Fig 1: Complement C3aR and C5aR antagonist inhibit inflammation and NF-κB signaling in HRPE cells challenged with complement C3a and C5a. HRPE cells were treated with recombinant human complement component C3a (2 µg/ml) and with or without C3aR antagonist SB290157 (20 µM), and the release of (A) TNF-α, (B) IL-1β, (C) IL-6, (D) PGE2 and (E) IL-10 was determined by ELISA. HRPE cells were treated with recombinant human complement component C5a (1 µg/ml) and with or without C5aR antagonist CCX168 (2 µM), and the release of (F) TNF-α, (G) IL-1β, (H) IL-6, (I) PGE2 and (J) IL-10 was determined by ELISA. (K) The phosphorylation of NF-κB and expression of NF-κB in HRPE cells treated with recombinant human complement component C3a (2 µg/ml) and with or without C3aR antagonist SB290157 (20 µM) were determined by western blot. (L) The phosphorylation of NF-κB and expression of NF-κB in HRPE cells treated with recombinant human complement component C5a (1 µg/ml) and with or without C5aR antagonist CCX168 (2 µM) were determined by western blot. ***P<0.001 relative to control; ###P<0.001 relative to C3a or C5a treatment. p-NF-κB, phosphorylated NF-κB; C5aR, C5a receptor; HRPE, human retinal pigment epithelium; CCX, CCX168; SB, SB290157.
Fig 2: Complement C3a and C5a are positively correlated with the contents of TNF-α, IL-1β, IL-6 and PGE2 in patients with RRDCD. (A) TNF-α, (B) IL-1β, (C) IL-6, (D) PGE2 and (E) IL-10 concentrations in patients with RRDCD (n=20) and idiopathic epimacular membrane as control (n=20). Pearson correlation scatter plots between C3a and (F) TNF-α, (G) IL-1β, (H) IL-6, (I) PGE2 or (J) IL-10, or between C5a and (K) TNF-α, (L) IL-1β, (M) IL-6, (N) PGE2 or (O) IL-10 in patients with RRDCD (n=20). ***P<0.001 compared with control. PGE2, prostaglandin E2; RRDCD, rhegmatogenous retinal detachment associated with choroidal detachment.
Fig 3: Complement C3a and C5a aggravate inflammation in HRPE cells via the NF-κB signaling pathway. HRPE cells were treated with recombinant human complement component C3a (2 µg/ml) or C5a (1 µg/ml) with or without NF-κB inhibitor PDTC (10 µM), and the release of (A) TNF-α, (B) IL-1β, (C) IL-6, (D) PGE2 and (E) IL-10 was measured by ELISA. ***P<0.001 relative to control; ###P<0.001 relative to C3a or C5a treatment. PGE2, prostaglandin E2; HRPE, human retinal pigment epithelium.

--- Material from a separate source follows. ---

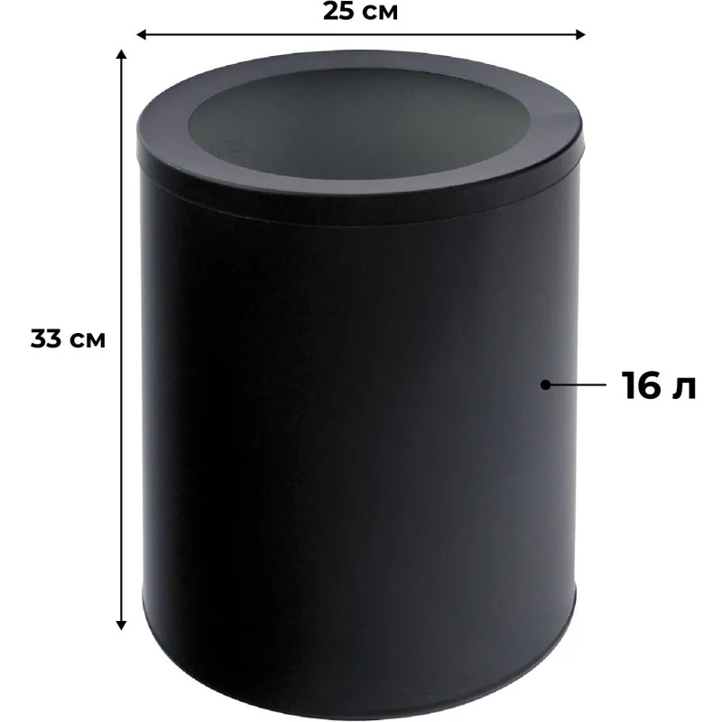 Корзина для мусора и бумаг Титан 16 л окрашенная сталь черная (33×25×25 см).Корзина для мусора «Титан» — металлическая стационарная корзина, низкая. Может использоваться как внутри помещений, так и за их пределами. Верхний ободок снимается. Компактные размеры позволяют использовать ведро без ущерба к полезному объему помещения. Цвет: черный. Объем: 16 л. Диаметр: 25 см. Высота: 33 см.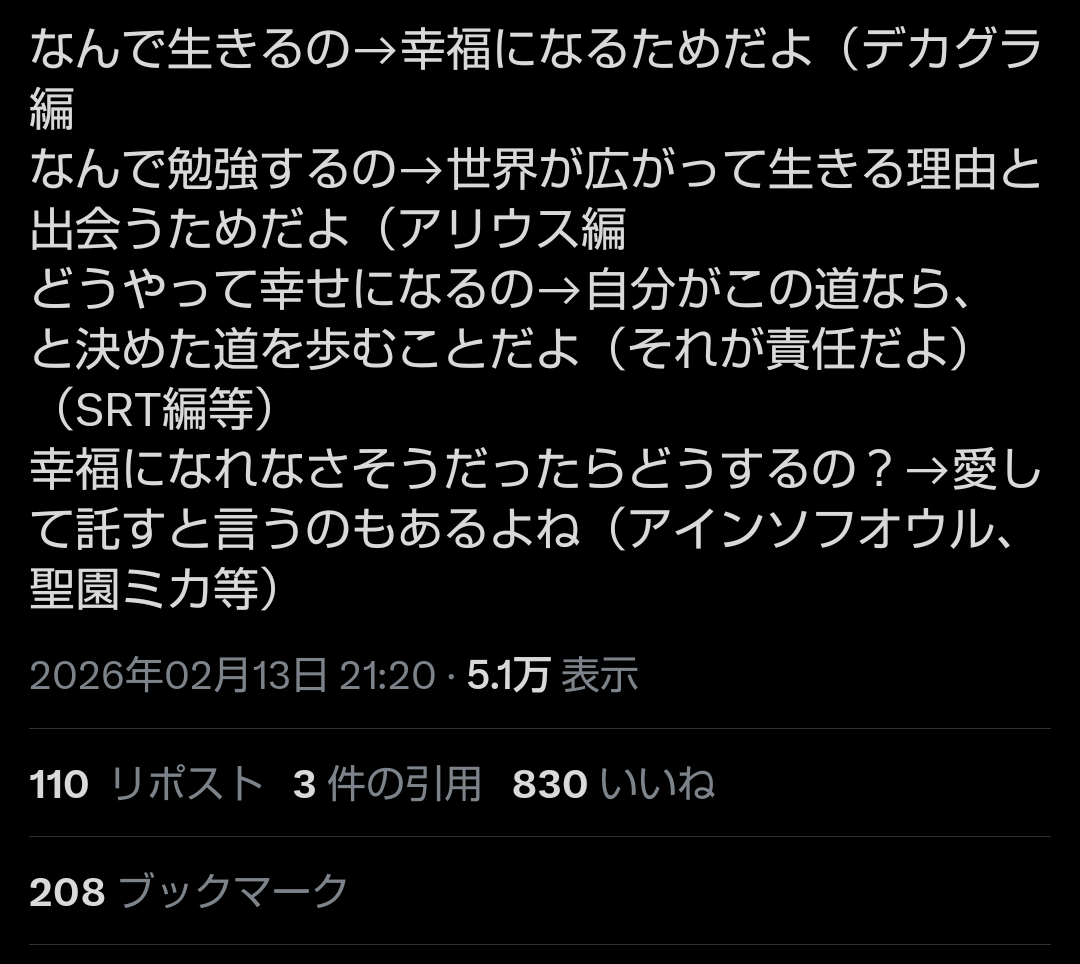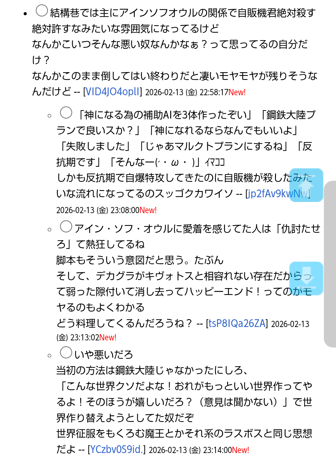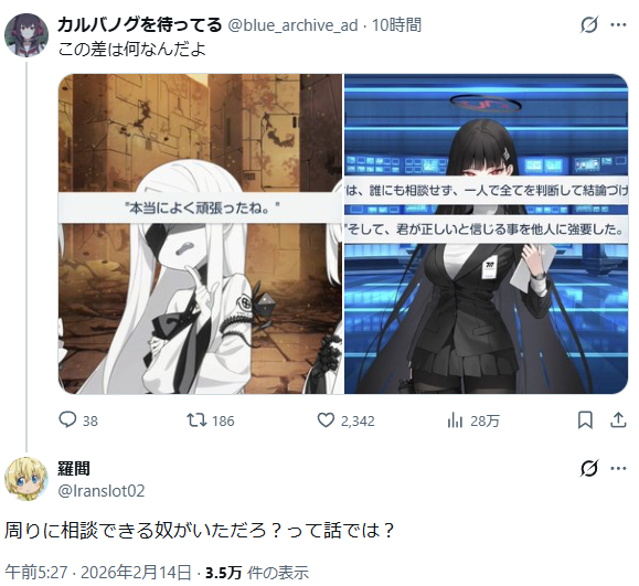 | … | 839無念Nameとしあき26/02/14(土)14:15:52No.1387292217そうだねx1>>あにまんだと本当に同じシナリオ読んだのか不安になる連中の擁護激しいね |

Fig 4: Complement C3a and C5a promote cell viability and inflammation of HRPE cells. (A) Complement C3a and (B) C5a protein concentrations in patients with RRDCD (n=20) and idiopathic epimacular membrane as a control (n=20). HRPE cells were treated with different concentrations of recombinant human complement component C3a or C5a, and the cell viability following (C) C3a or (D) C5a treatment, and the release of (E) TNF-α, (F) IL-1β, (G) IL-6, (H) PGE2 and (I) IL-10 were measured. *P<0.05, **P<0.01, ***P<0.001 compared with control or 0 µg/ml. OD450, optical density at 450 nm; PGE2, prostaglandin E2; RRDCD, rhegmatogenous retinal detachment associated with choroidal detachment; HRPE, human retinal pigment epithelium.
Fig 5: Complement C3a and C5a enhance C3aR and C5aR expression and activate NF-κB signaling. The mRNA expression levels of (A) C3aR and (B) C5aR in HRPE cells treated with different doses of recombinant human complement component C3a or C5a. (C) The protein expression levels of C3aR, phosphorylation of NF-κB (p-NF-κB), and expression of NF-κB in HRPE cells treated with different doses of recombinant human complement component C3a. (D) Protein expression levels of C5aR, phosphorylation of NF-κB and expression of NF-κB in HRPE cells treated with different doses of recombinant human complement component C5a. *P<0.05, **P<0.01, ***P<0.001 relative to 0 µg/ml. p-NF-κB, phosphorylated NF-κB; C5aR, C5a receptor; HRPE, human retinal pigment epithelium.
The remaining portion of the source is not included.